Data provided:
════════════════════
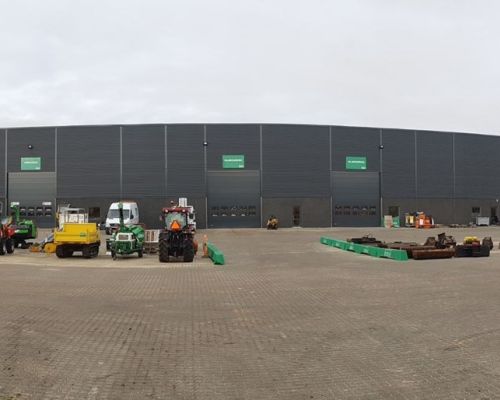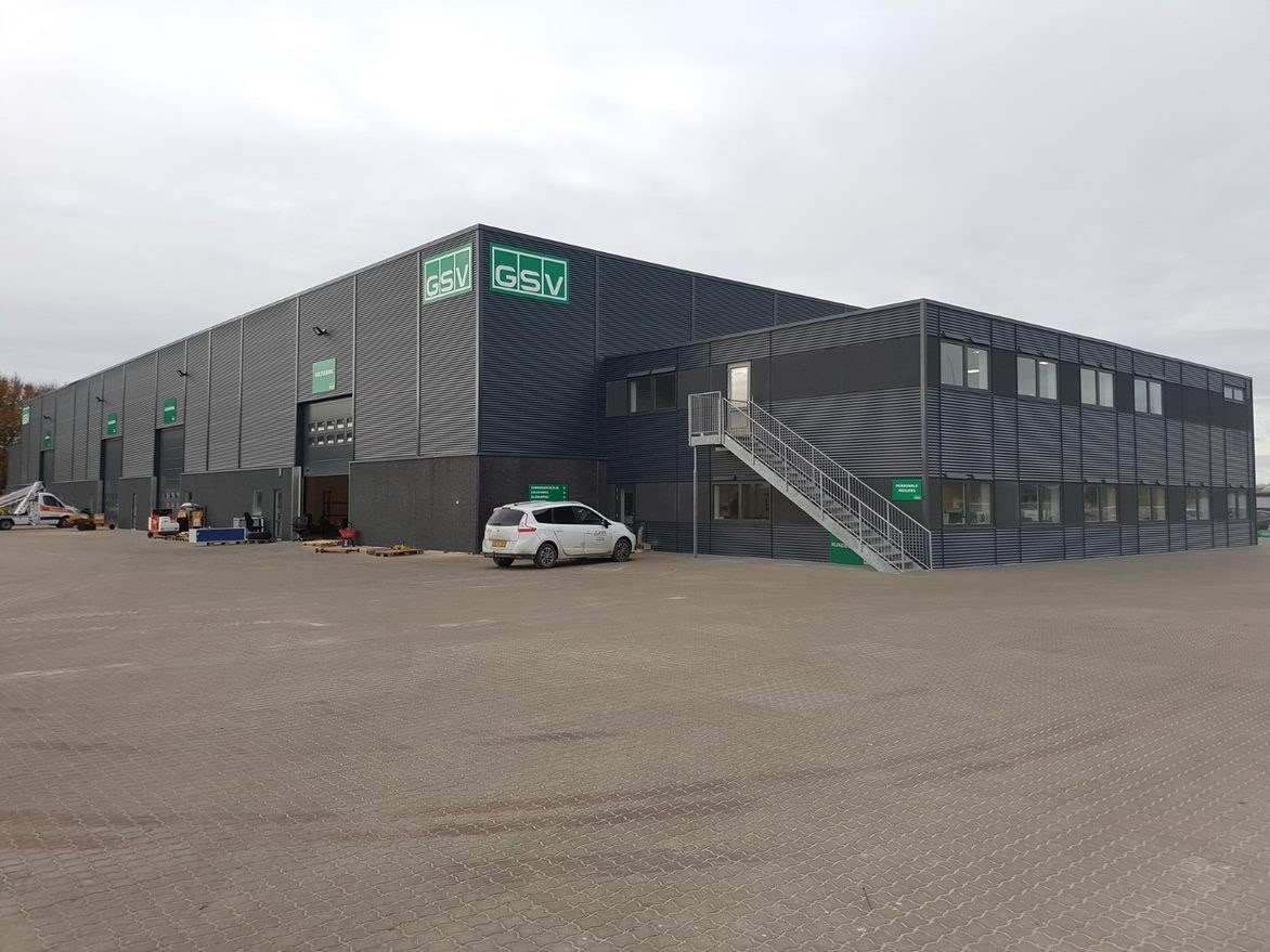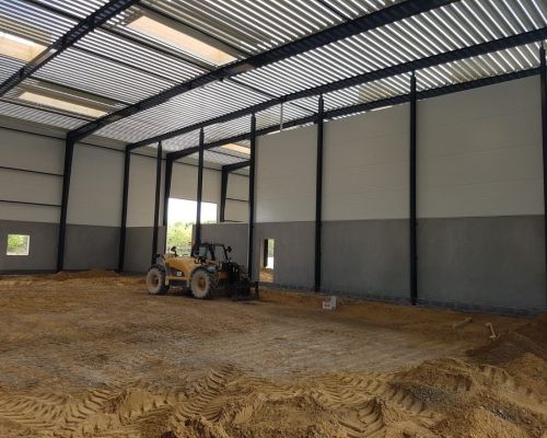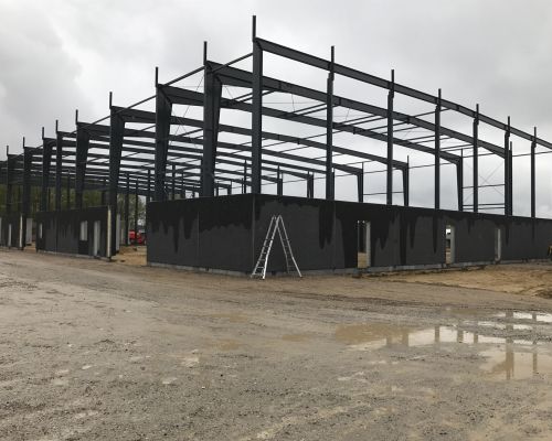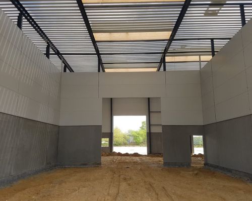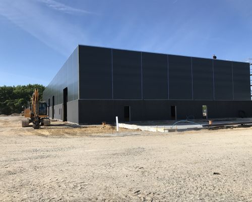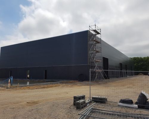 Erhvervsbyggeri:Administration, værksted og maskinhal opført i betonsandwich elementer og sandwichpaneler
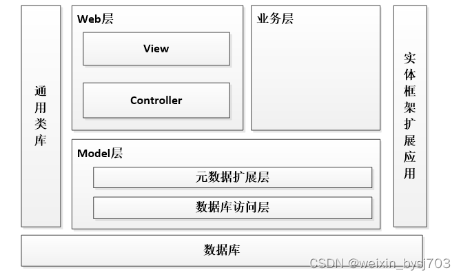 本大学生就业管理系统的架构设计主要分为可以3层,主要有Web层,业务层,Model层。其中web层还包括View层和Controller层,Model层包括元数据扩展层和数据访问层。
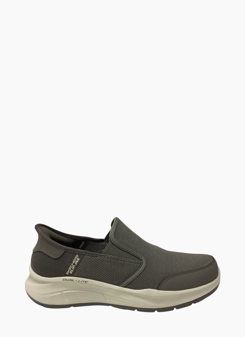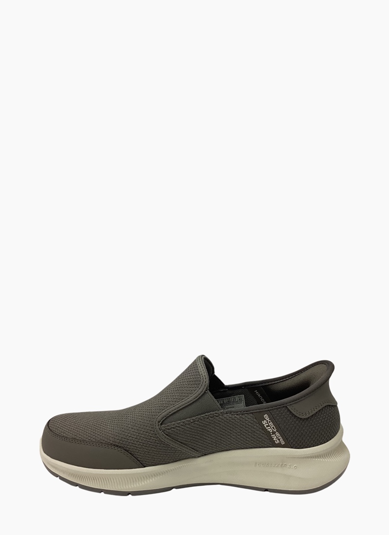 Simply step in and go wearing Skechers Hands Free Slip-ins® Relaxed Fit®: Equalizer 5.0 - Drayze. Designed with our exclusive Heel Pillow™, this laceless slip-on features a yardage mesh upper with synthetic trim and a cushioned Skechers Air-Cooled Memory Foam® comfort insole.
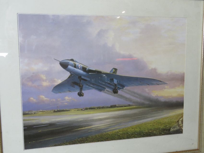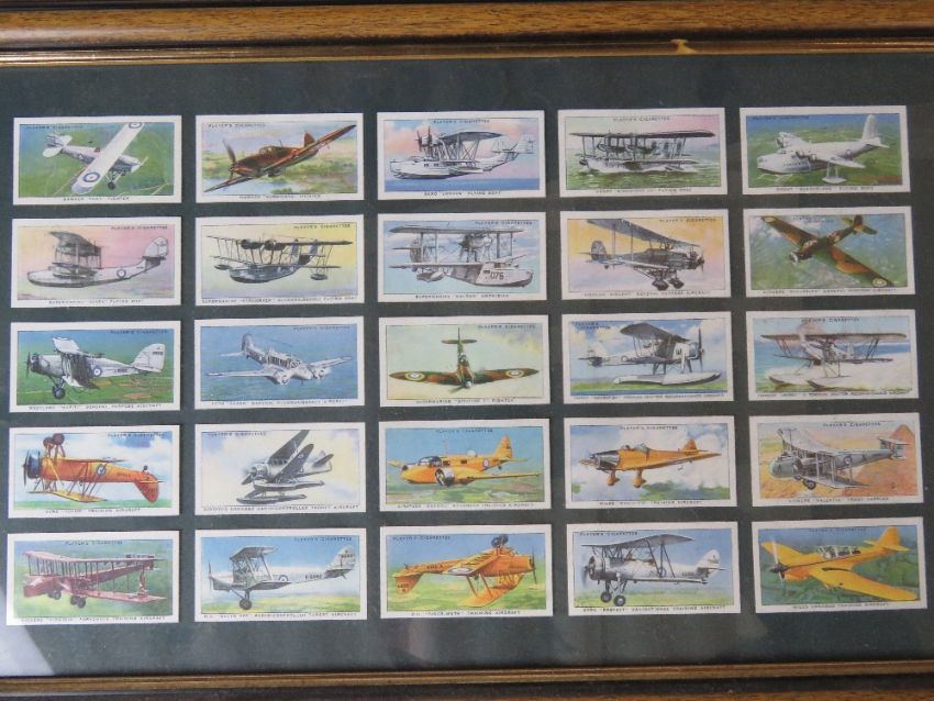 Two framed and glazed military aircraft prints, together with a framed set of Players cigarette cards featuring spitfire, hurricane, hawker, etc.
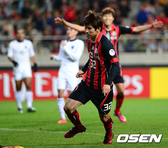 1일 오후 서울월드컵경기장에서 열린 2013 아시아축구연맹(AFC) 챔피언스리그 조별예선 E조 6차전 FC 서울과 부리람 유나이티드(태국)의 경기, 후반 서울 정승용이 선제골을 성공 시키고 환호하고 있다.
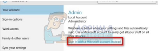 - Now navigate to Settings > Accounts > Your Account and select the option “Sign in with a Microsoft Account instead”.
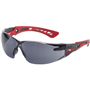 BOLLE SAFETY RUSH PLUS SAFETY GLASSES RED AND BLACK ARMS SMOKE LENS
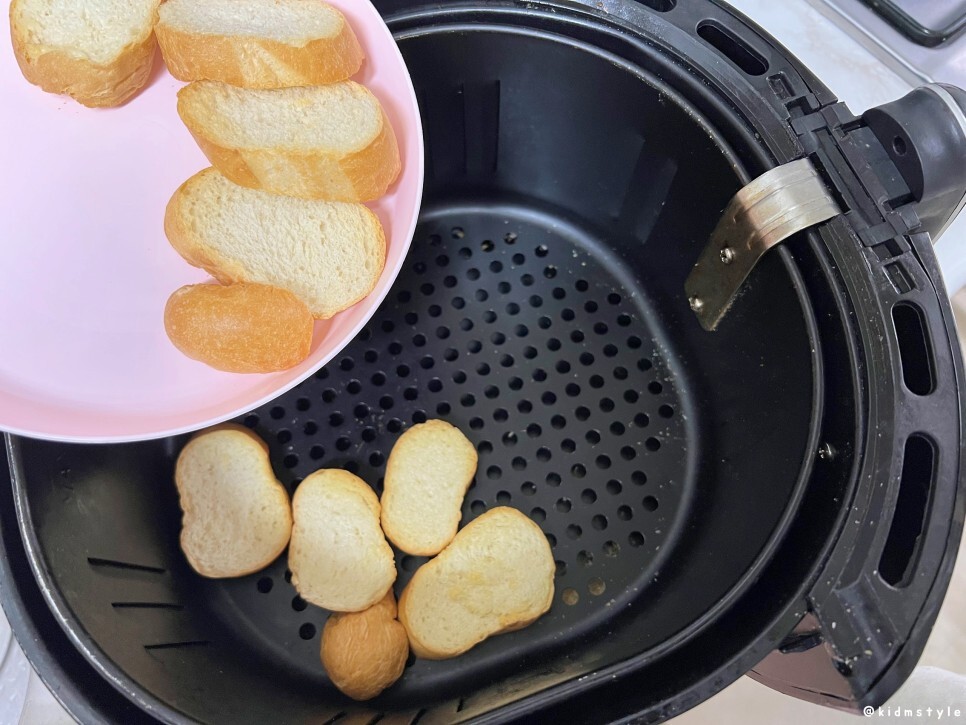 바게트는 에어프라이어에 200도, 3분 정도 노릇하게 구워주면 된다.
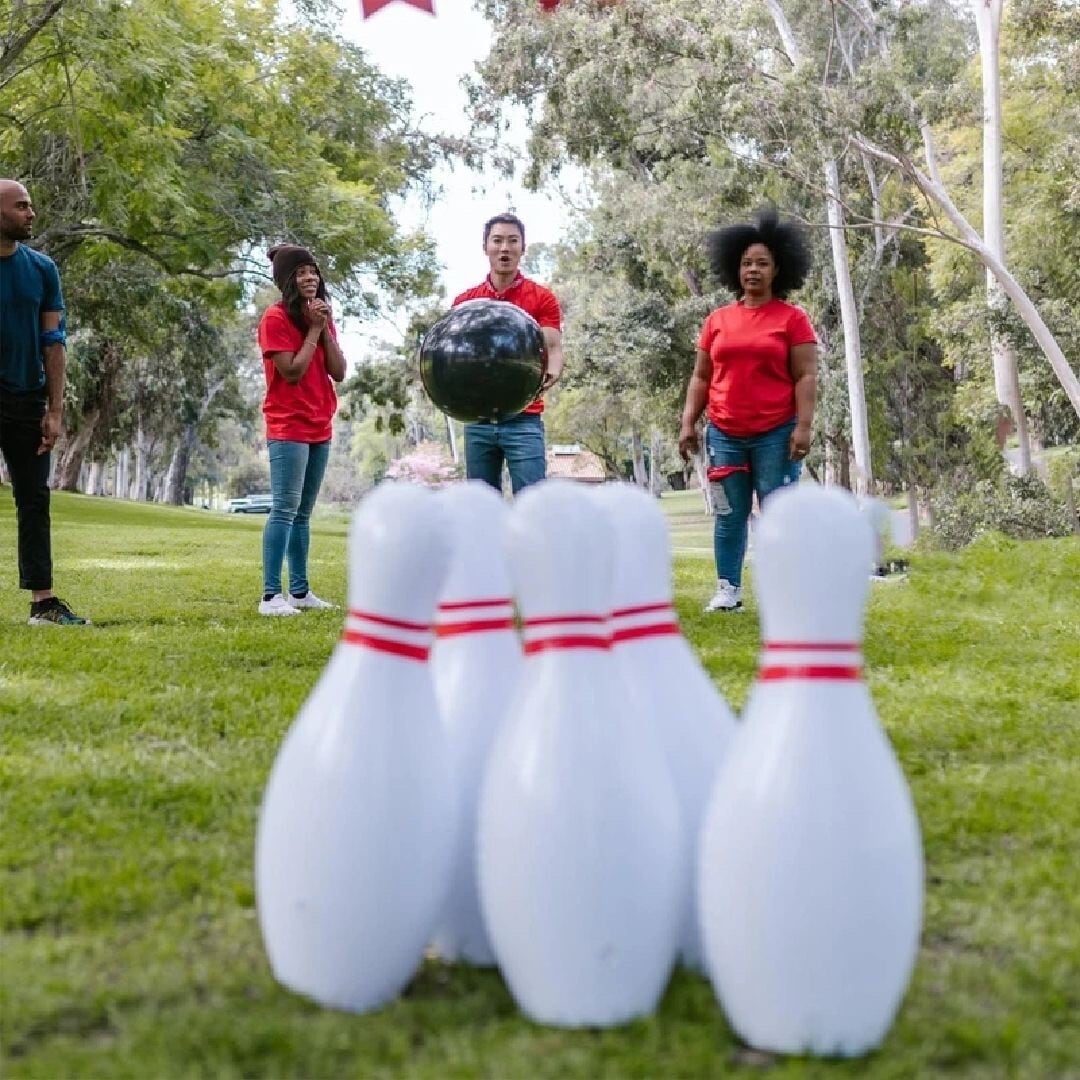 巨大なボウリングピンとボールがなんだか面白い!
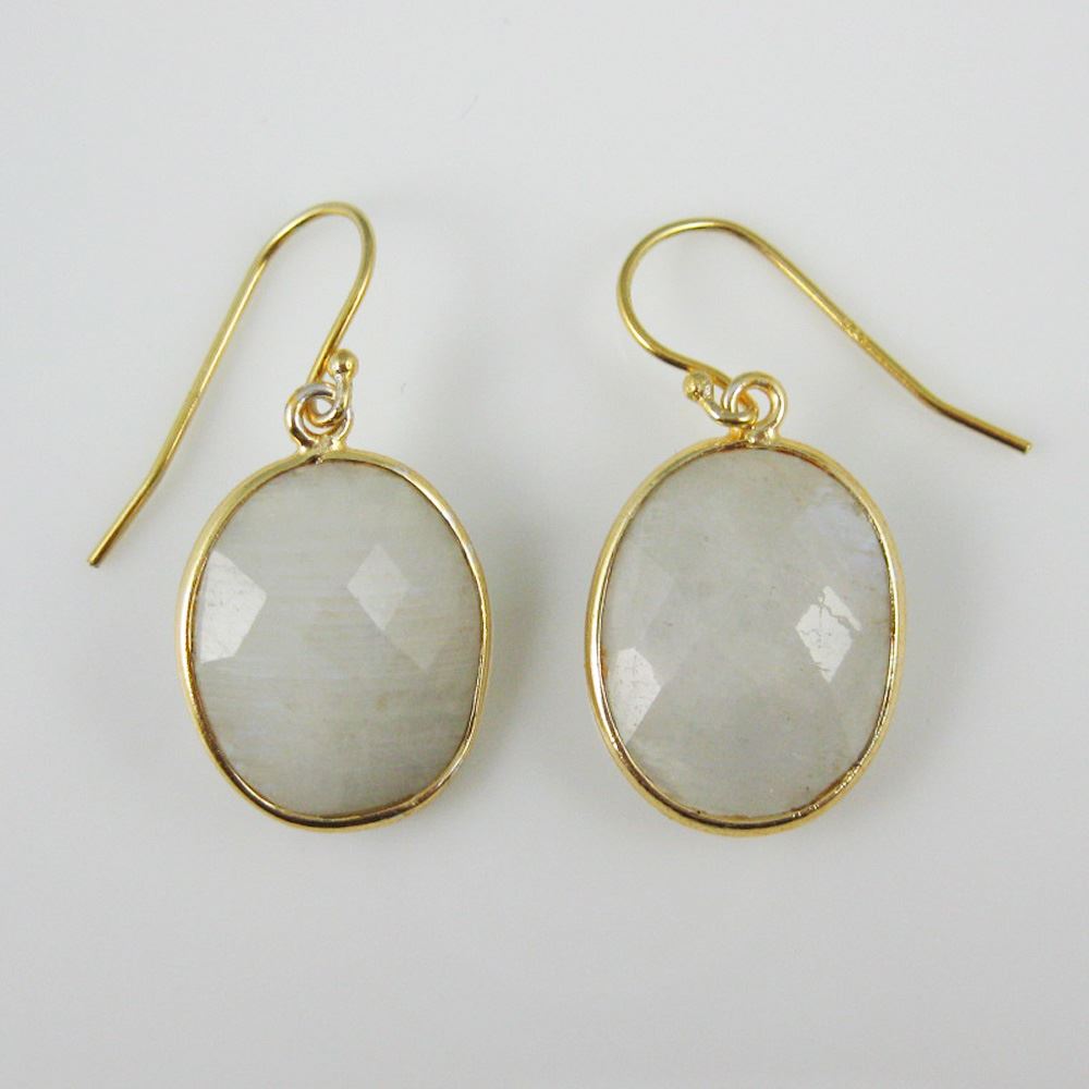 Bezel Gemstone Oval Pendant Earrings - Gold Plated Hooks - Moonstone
════════════════════
What the task asks:
No picture is to appear in the copy; every entry above is otherwise to be printed verbatim.

Answer to this task:
 Erhvervsbyggeri:Administration, værksted og maskinhal opført i betonsandwich elementer og sandwichpaneler
 本大学生就业管理系统的架构设计主要分为可以3层,主要有Web层,业务层,Model层。其中web层还包括View层和Controller层,Model层包括元数据扩展层和数据访问层。
 Simply step in and go wearing Skechers Hands Free Slip-ins® Relaxed Fit®: Equalizer 5.0 - Drayze. Designed with our exclusive Heel Pillow™, this laceless slip-on features a yardage mesh upper with synthetic trim and a cushioned Skechers Air-Cooled Memory Foam® comfort insole.
 Two framed and glazed military aircraft prints, together with a framed set of Players cigarette cards featuring spitfire, hurricane, hawker, etc.
 1일 오후 서울월드컵경기장에서 열린 2013 아시아축구연맹(AFC) 챔피언스리그 조별예선 E조 6차전 FC 서울과 부리람 유나이티드(태국)의 경기, 후반 서울 정승용이 선제골을 성공 시키고 환호하고 있다.
 - Now navigate to Settings > Accounts > Your Account and select the option “Sign in with a Microsoft Account instead”.
 BOLLE SAFETY RUSH PLUS SAFETY GLASSES RED AND BLACK ARMS SMOKE LENS
 바게트는 에어프라이어에 200도, 3분 정도 노릇하게 구워주면 된다.
 巨大なボウリングピンとボールがなんだか面白い!
 Bezel Gemstone Oval Pendant Earrings - Gold Plated Hooks - Moonstone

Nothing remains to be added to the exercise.